Measurements · Apple M3 Max 36 GB

Benchmarks: quality, speed, retrieval.

Three axes — weight quantization quality on GSM8K, KV-cache serving throughput at 64 k context, and TurboQuant rotated-space retrieval accuracy. All numbers are reproducible from the CLI and dataset listed in each section.
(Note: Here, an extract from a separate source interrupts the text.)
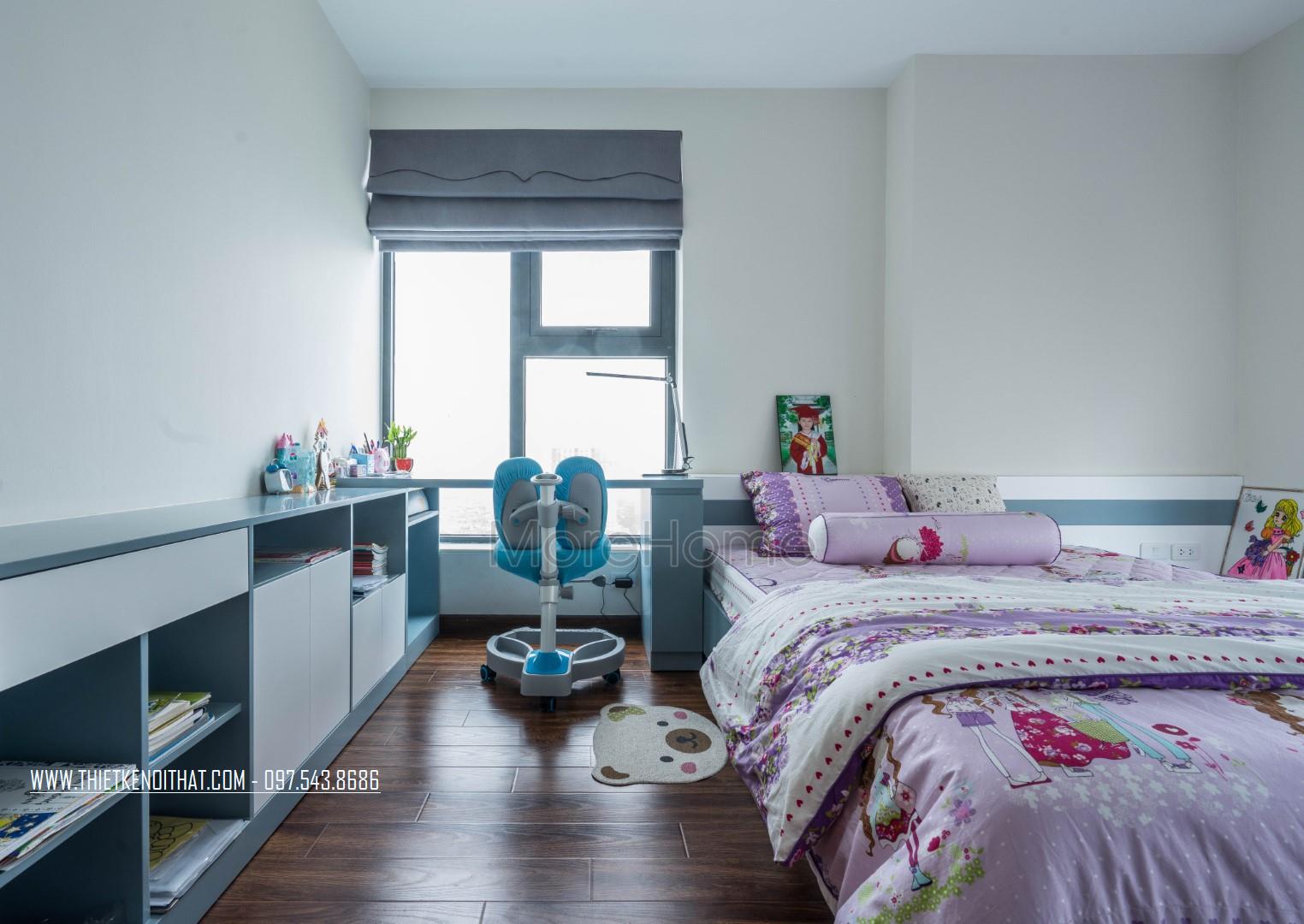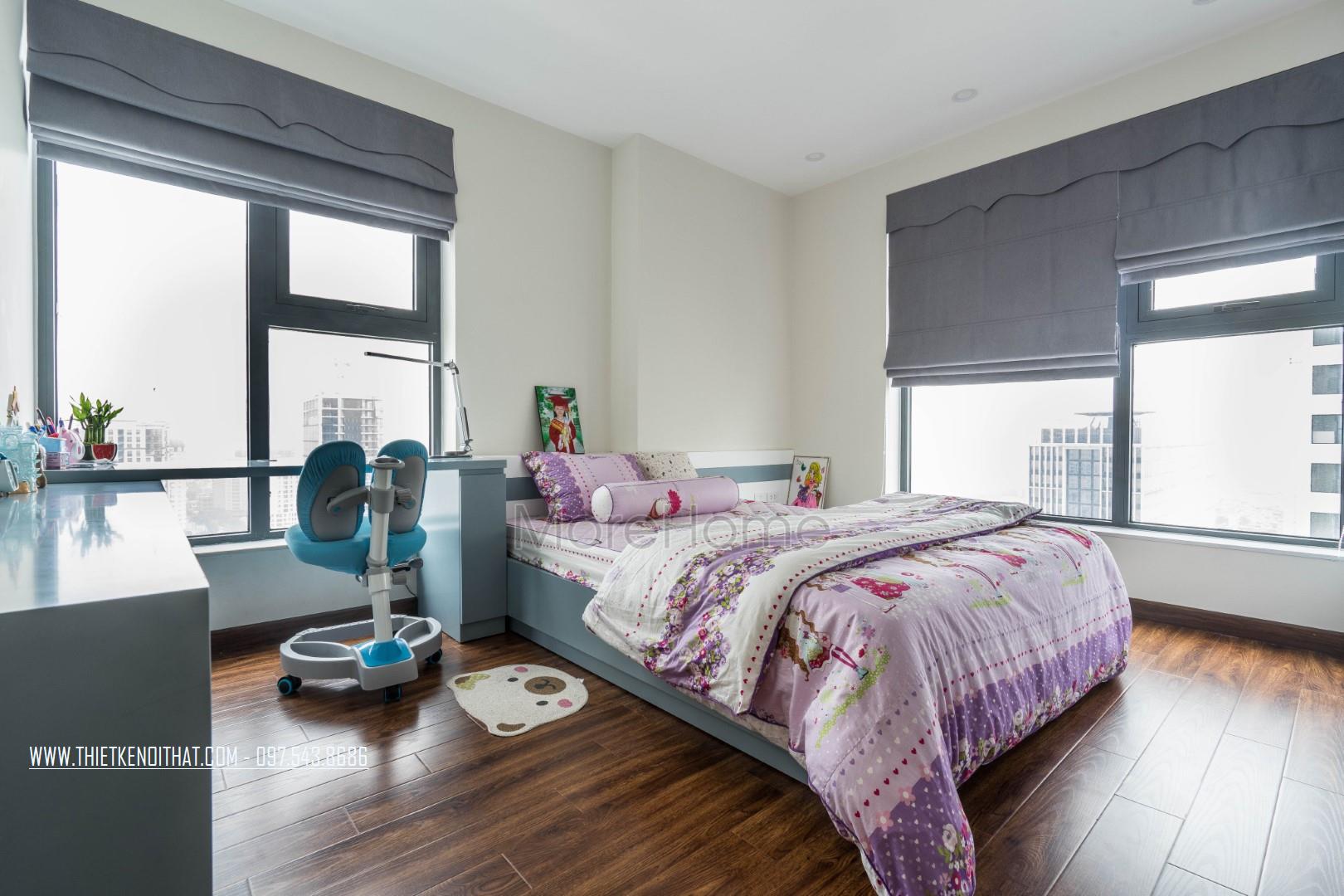 Phòng ngủ con gái nhẹ nhàng, vô cùng đáng yêu. Nội thất được sắp xếp 1 cách hợp lí, bàn học được thiết kế ngay cạnh cửa sổ, liền kề với nó là chất liệu giường ngủ cùng màu, tạo cho con có một không gian vừa học vừa chơi thoải mái nhất.

01 Weight quantization quality

mlx-optiq vs uniform 4-bit on GSM8K.

200-sample subset, 3-shot CoT prompt, identical sampling, identical chat-template handling.

LLM quality — GSM8K · 200 samples

Model	Uniform-4	mlx-optiq-4	Delta
Qwen3.5-0.8B	11.5%	27.0%	+15.5pp
Qwen3.5-2B	48.5%	48.0%	−0.5pp
Qwen3.5-4B	79.5%	81.5%	+2.0pp
Qwen3.5-9B	90.0%	90.0%	0.0pp
Qwen3.6-27B	94.0%	95.0%	+1.0pp
Qwen3.5-35B-A3B	89.5%	89.5%	0.0pp
gemma-4-e2b-it	5.5%	13.0%	+7.5pp
gemma-4-e4b-it	23.5%	55.5%	+32.0pp
gemma-4-26B-A4B-it	92.0%	94.0%	+2.0pp
gemma-4-31B-it	96.0%	96.0%	0.0pp

Pattern mlx-optiq's wins grow with how far uniform 4-bit degrades the model. On saturated benchmarks (Qwen3.5-9B at 90%), there's nothing to recover. On models that uniform 4-bit nearly breaks (gemma-4-e4b at 23.5%), recovery is dramatic — +32 points to 55.5%.

02 KV cache serving

Mixed-precision KV at 64 k tokens.

Apple M3 Max 36 GB. 64,000-token English prose prompt, streaming 500 output tokens. Comparing stock mlx_lm.server (fp16 KV) vs optiq serve --kv-config (per-layer sensitivity-guided KV quantization).

Decode tok/s at 64k

Model	fp16 TTFT	fp16 decode	Mixed TTFT	Mixed decode	Decode speedup
Qwen3.5-0.8B	34.5s	47.2 tok/s	40.5s	42.4 tok/s	−10%
Qwen3.5-2B	82.8s	27.9 tok/s	161.7s	41.8 tok/s	+50%
Qwen3.5-4B	165.8s	8.1 tok/s	252.0s	13.1 tok/s	+62%
Qwen3.5-9B	214.8s	20.7 tok/s	163.8s	27.1 tok/s	+31%

Takeaway For Qwen3.5 2 B and larger, mixed-precision KV gives a 31–62% decode speedup at 64 k context. 0.8 B is too small to benefit — optiq kv-cache's sensitivity pass correctly picks uniform 4-bit (no layer needs 8-bit protection), but on M3 Max even that's marginally slower than fp16 at this scale.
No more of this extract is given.